> Source data
((

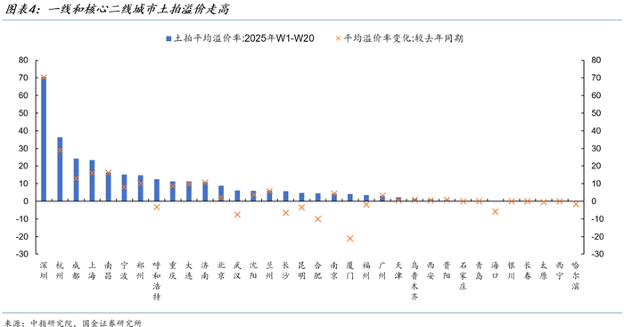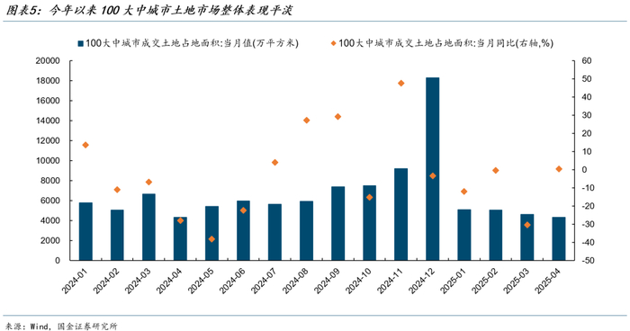 三是土拍市场表现分化。杭州、上海、深圳、北京、成都、郑州等城市部分地块高溢价成交,但多数城市土拍相对冷淡。1-4月,100大中城市土地成交面积同比降幅超过10%。
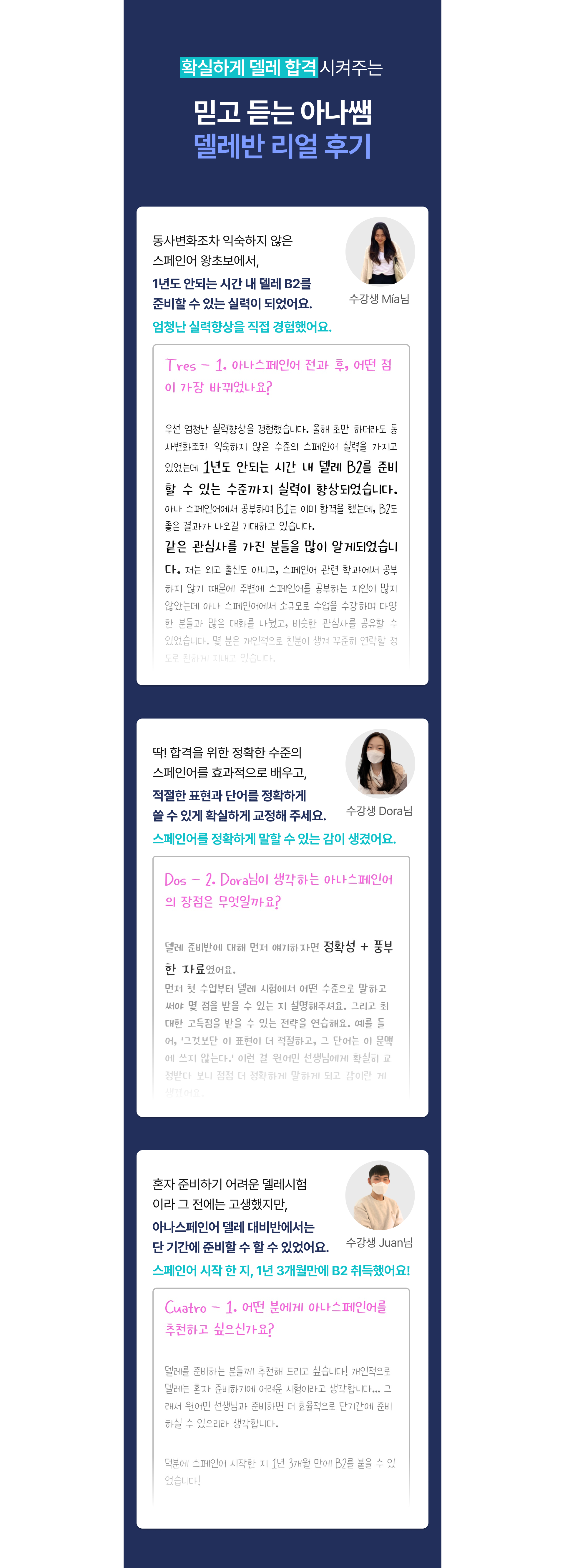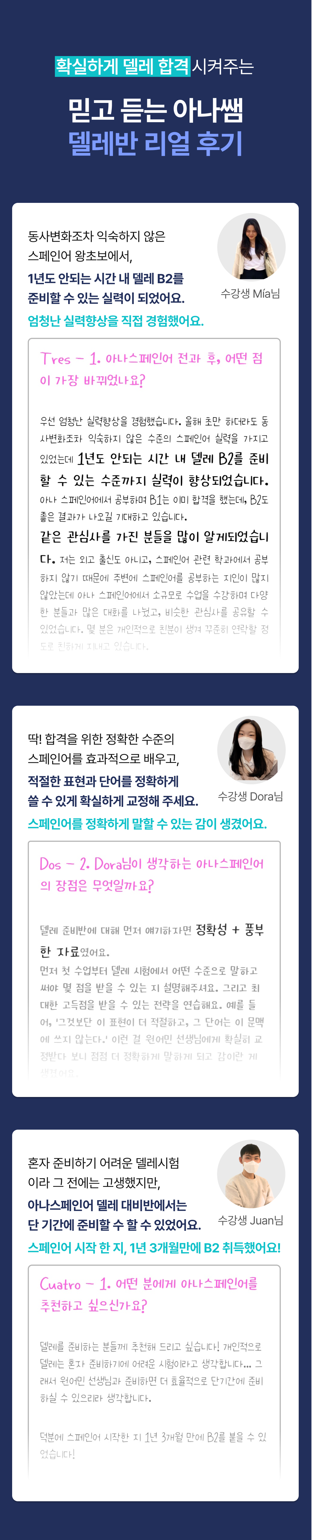 "1년만에 델레 B2를 목표로 달리게 해준 아나스페인어!" - 수강생 Mia님 -
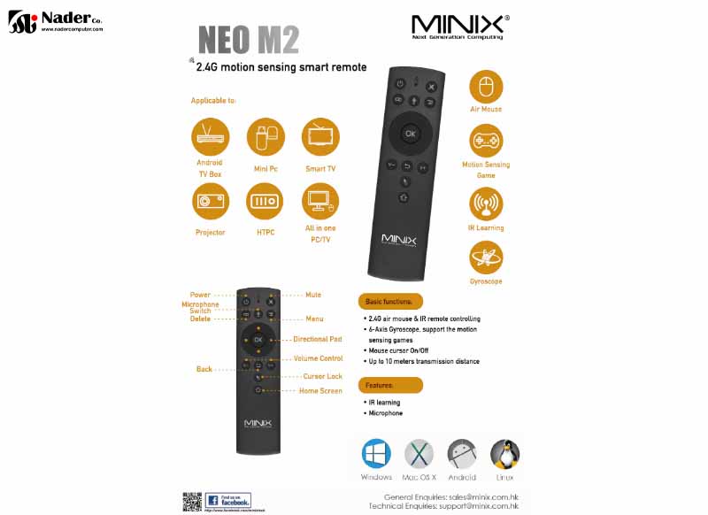 مشخصات کلی ریموت کنترل مینیکس نئو MINIX NEO M2:
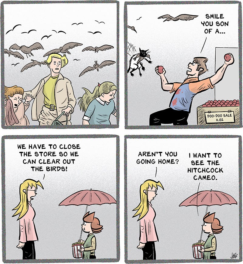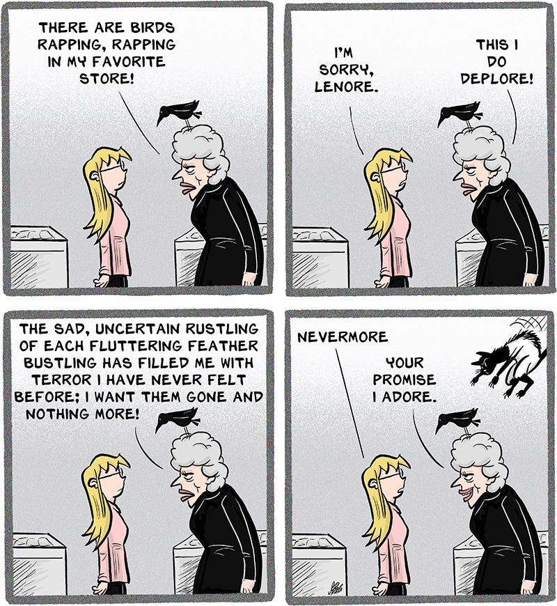 Any excuse to pay homage to The Raven is wonderful. I remember worrying that people who’ve never heard of Edgar Allen Poe would be confused, but it winds up that many comic strip readers are very familiar with Poe. One reader was going to a Poe Festival on the day she read this strip. Amazing.
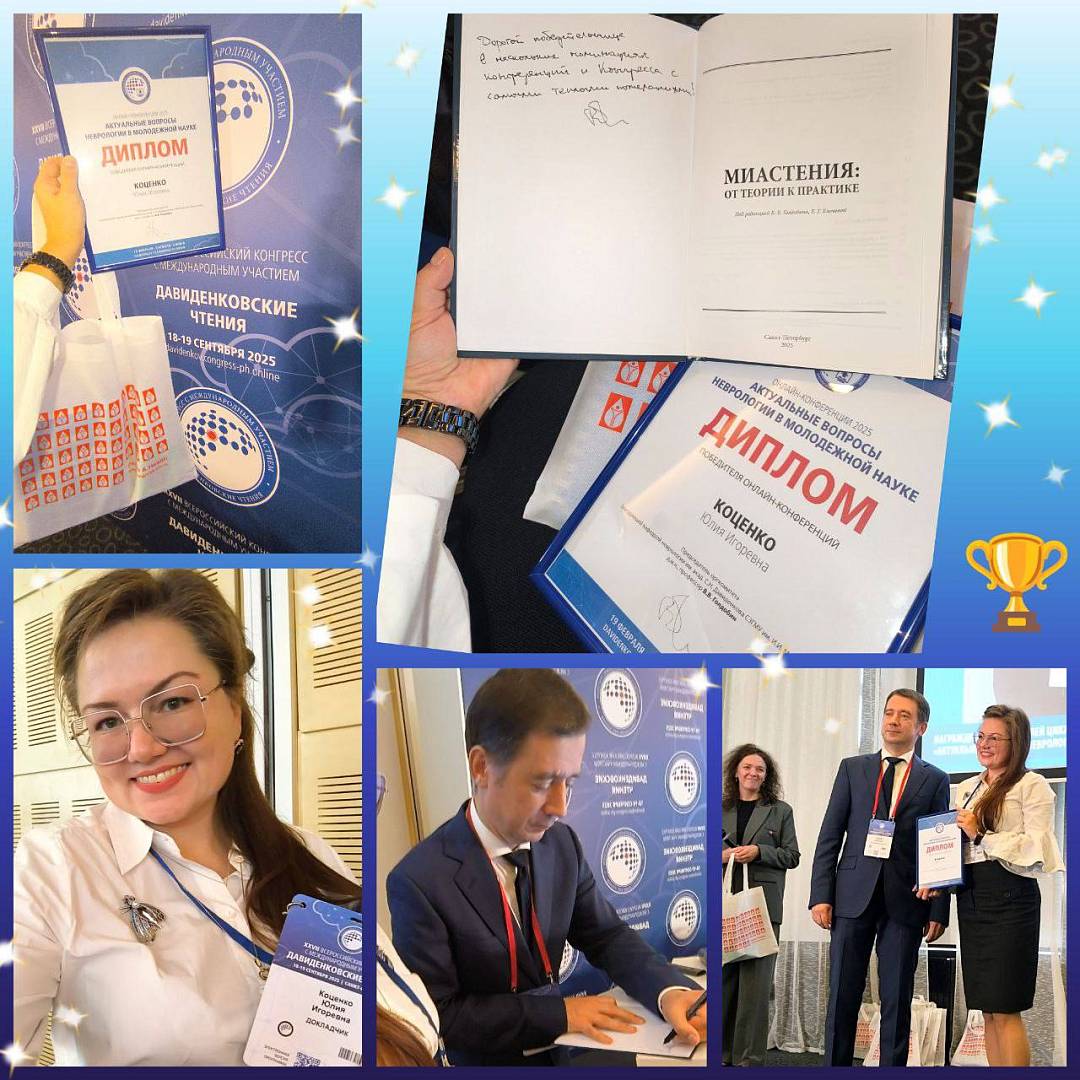 В рамках пленарного заседания конгресса были торжественно вручены дипломы победителям престижного конкурса цикла онлайн-конференций «Актуальные вопросы неврологии в молодежной науке». Одним из лауреатов этого конкурса стала доцент кафедры неврологии и медицинской генетики, кандидат медицинских наук Юлия Игоревна Коценко.
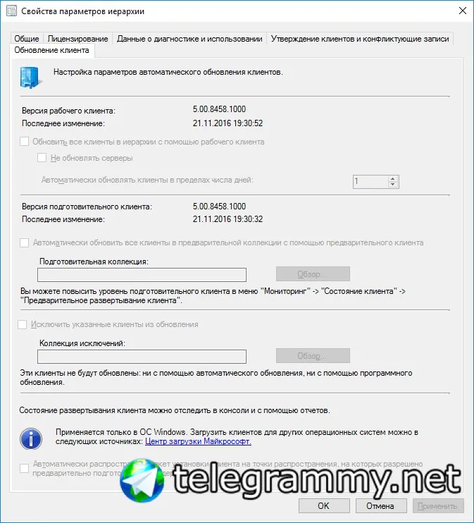 Обновился до 1610. На первый взгляд все хорошо. Но надеялся, что обновление решит один из моих вопросов - не решило. Озвучу сам вопрос.. в параметрах иерархии галки на вкладке обновление клиентов не активны... думал как раз после обновления на 1610 станут активными... в чем может быть проблема?
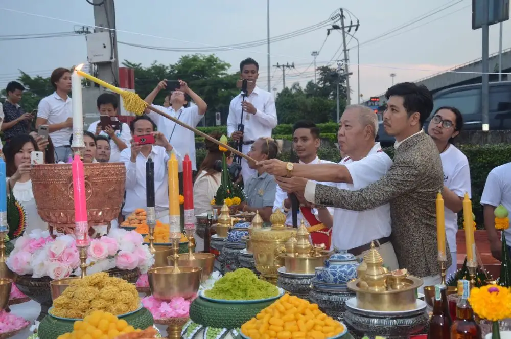 ต้น สุรยุทธ กับคู่หู ชัช ทรงธรรม จัดพิธีอันเชิญเทพสถิตย์ พระราหูทรงทรัพย์ ณ ราหู เทวาลัย สี่แยกเกษตรนวมินทร์
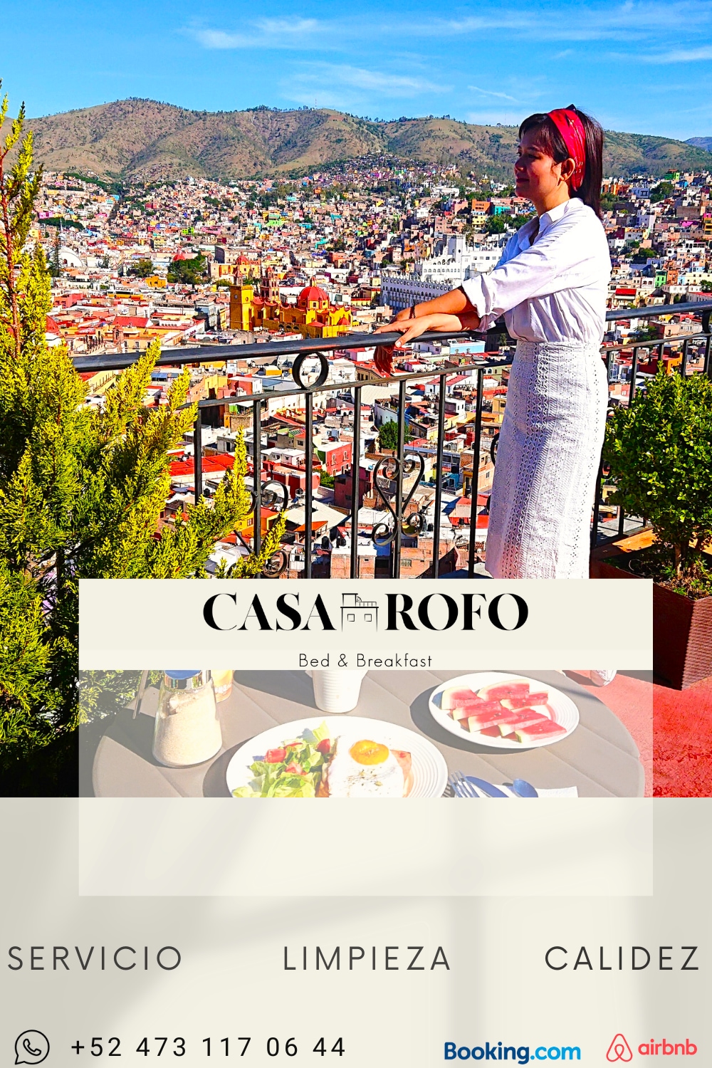 Casa Rofo te ofrece un alojamiento bed & breakfast donde podrás disfrutar aparte de el alojamiento desayunos gourmet tipicos de la region echos por el chef Omar Rodiguez y apreciar la vista privilegiada de la terraza qué tiene Casa Rofo, gracias a su gran ubicación en el centro histórico de Guanajuto.
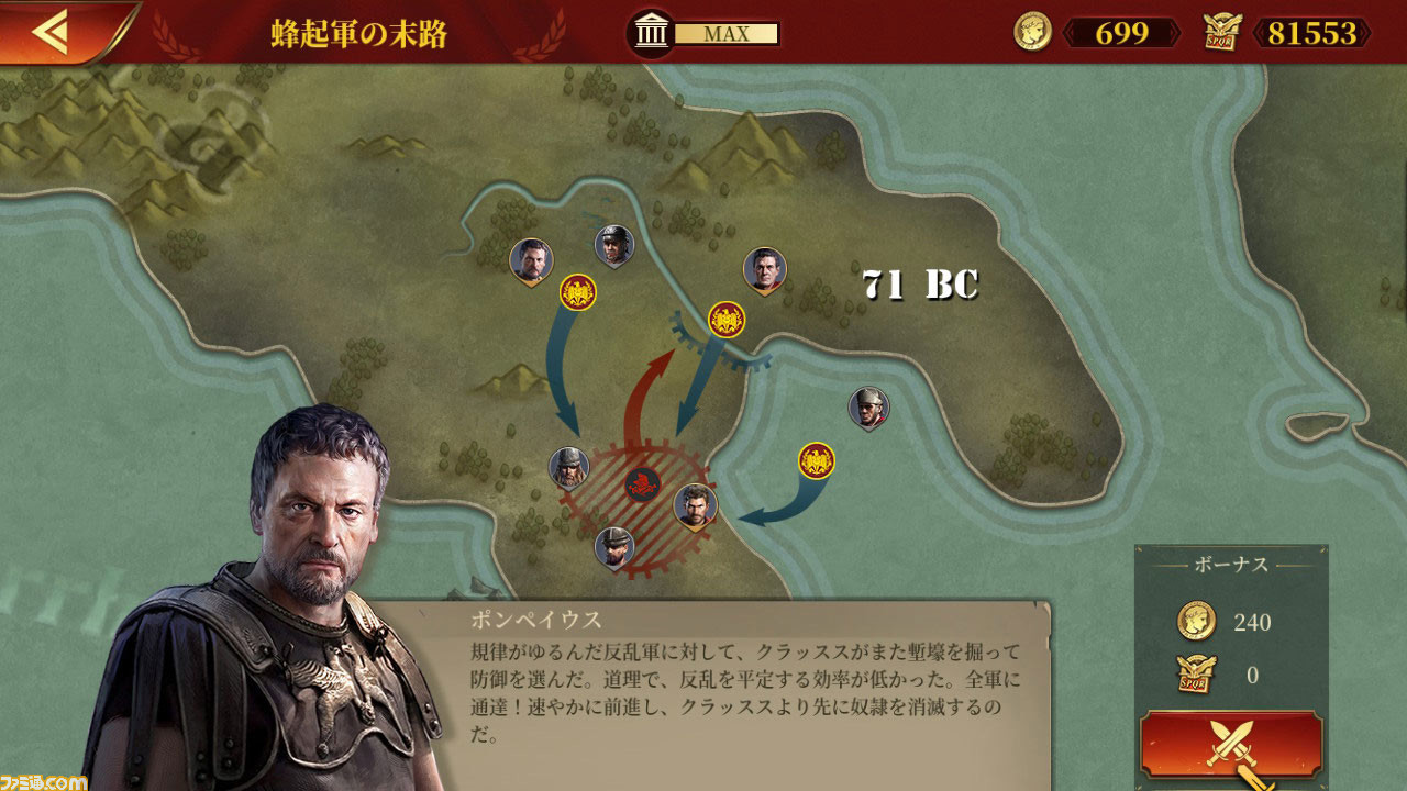 ゲームの舞台となるのは、ローマ共和国が台頭し始め、周辺の強大な国々が互いに覇権を争っていた一触即発の時代です。プレイヤーはカエサル、ポンペイウス、アントニウス、オクタウィウス、スパルタクスといった偉大な将軍たちと手を組んで戦いながら、共に大征服者誕生の瞬間に立ち会います。

))

> The task
Using the data above, return the lines from the one holding "ต้น สุรยุทธ กับคู่หู" through the one holding "Casa Rofo te" exactly, but not the pictures.

> Answer space
 ต้น สุรยุทธ กับคู่หู ชัช ทรงธรรม จัดพิธีอันเชิญเทพสถิตย์ พระราหูทรงทรัพย์ ณ ราหู เทวาลัย สี่แยกเกษตรนวมินทร์
 Casa Rofo te ofrece un alojamiento bed & breakfast donde podrás disfrutar aparte de el alojamiento desayunos gourmet tipicos de la region echos por el chef Omar Rodiguez y apreciar la vista privilegiada de la terraza qué tiene Casa Rofo, gracias a su gran ubicación en el centro histórico de Guanajuto.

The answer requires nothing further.